However Maalin said Ethiopia would have to think hard before re-entering Somalia as “the adventurism and opportunism” of the first invasion cost Ethiopia dear in terms of lives and the standing of its human right record.

“The Islamists have hurt Ethiopia more badly than they have been hurt, since as even the most casual observer can ascertain, Ethiopia is leaving the Islamists in a much stronger position than before the invasion two years ago.

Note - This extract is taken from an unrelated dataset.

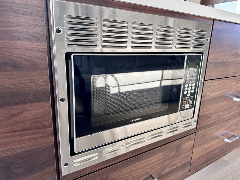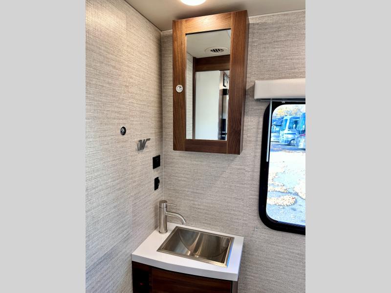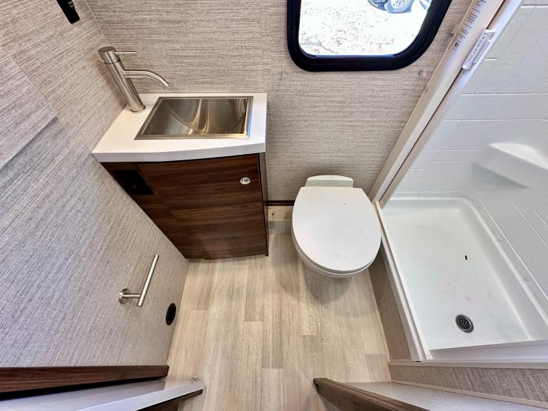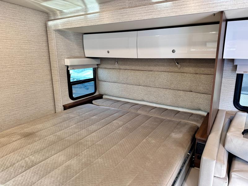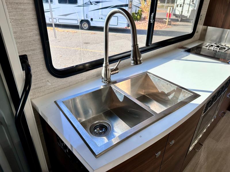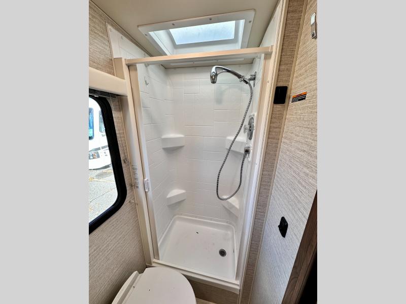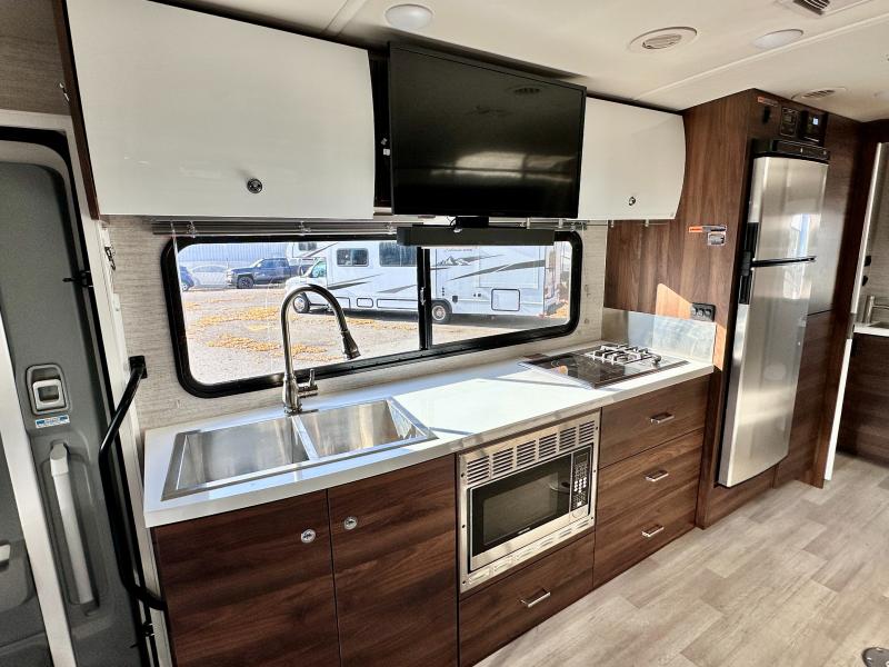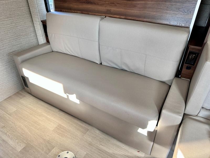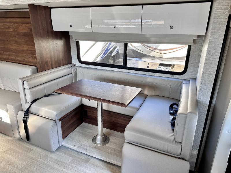 A couple or family will enjoy the look of the interior each time they take this View Class C diesel motorhome on the road. With the curved cabinets, the lighted soft-close galley drawers, and the sprung-cushion dinette and sofa seats, there will surely be a favorite feature for everyone. You will be able to easily set up the queen Murphy+ bed when it's time for bedtime while the kids sleep on the bunk above the cab or the U-shaped dinette. You might like to add the theater seating option with swivel tables if you don't need that extra sleeping space. Everyone can get cleaned up in the full rear bathroom that has a space-saving sliding door before making meals with full kitchen amenities including a convection microwave/oven.

And what has transpired during its presence has eroded much more from Ethiopia than it gained,” Maalin said.

What next?

UIC and a splinter group, the hardline faction known as al-Shabaab – listed as a terrorist organisation with links to Al-Qaida by the U.S. State Department – are again running much of the south-central Somalia while the transitional Somali government is in control of small pockets in the capital Mogadishu where nearly 3,400 African Union peacekeepers are protecting government installations including the presidential palace, airport, and seaport.

The peacekeepers are part of an 8000-strong peacekeeping force authorised by the U.N. Security Council early in 2007 to replace Ethiopian forces. But only Uganda and Burundi have sent troops as promised; other African countries which pledged to contribute forces have cited security and logistical reasons for not deploying soldiers.

Elements of the UIC signed a peace and power-sharing deal with the TFG in October 2008. Sheik Sharif Ahmed, leader of the Alliance for the Re-liberation of Somalia’s Djibouti faction (ARS-D) and head of the UIC’s government during 2006, was elected president of the TFG on Jan. 31. He is now more conciliatory towards Ethiopia, but faces strong opposition from rival factions of the ARS and from al-Shabaab, which continues to strongly oppose any foreign presence in Somalia.

Ethiopia has not left its “enemy” to enjoy its newly regained power in Somalia without numerous killjoys. A new and well-armed faction, Ahlu Sunnah, appeared out of nowhere to confront al-Shabaab in the days leading to the announcement by Ethiopia of its decision to pull its troops from Somalia.

Al-Shabaab claims that the new faction has been created, armed and supported Ethiopia to fight a proxy war against the Islamist forces. In a Jan. 26 press conference, Ethiopian Prime Minister Meles Zenawi said that Ethiopia is not “disappointed” or “unhappy” that al-Shabaab is now facing armed opposition from within Somalia.

“I cannot tell you that we are unhappy that they chose to fight back. I cannot tell you that we would not be supportive of any such endeavours on their part,” Zenawi told reporters.

Despite now heading an internationally-sanctioned government of Somalia, Sharif will likely find running the country much harder than the first time around.